* [EXERCISE INSTRUCTIONS]: A word-for-word copy of the data, pictures excluded, is what this task asks for.

* [RAW DATA]:
-------
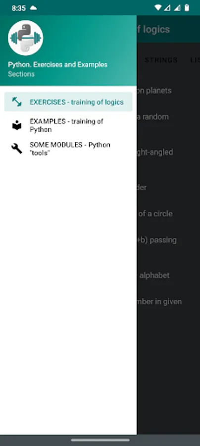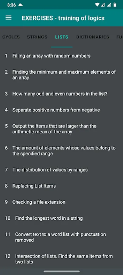 Sections: linear algorithms, conditions, cycles, strings, lists, dictionaries, functions, files.
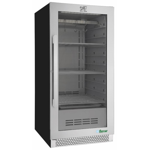 - vetrina frollatura carne, temperatura di esercizio cella +1°/+25°C, umidificatore, capacità 88lt, ad uso professionale CE con n.1 porta, monofase;
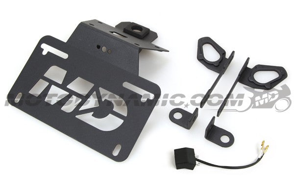This Motodynamic tail tidy is the perfect solution to that bulky fender. Comes with a sleek powder coated finish, LED plate light, and everything you need for an easy installation.
-------
* [RESPONSE AREA]:
 Sections: linear algorithms, conditions, cycles, strings, lists, dictionaries, functions, files.
 - vetrina frollatura carne, temperatura di esercizio cella +1°/+25°C, umidificatore, capacità 88lt, ad uso professionale CE con n.1 porta, monofase;
This Motodynamic tail tidy is the perfect solution to that bulky fender. Comes with a sleek powder coated finish, LED plate light, and everything you need for an easy installation.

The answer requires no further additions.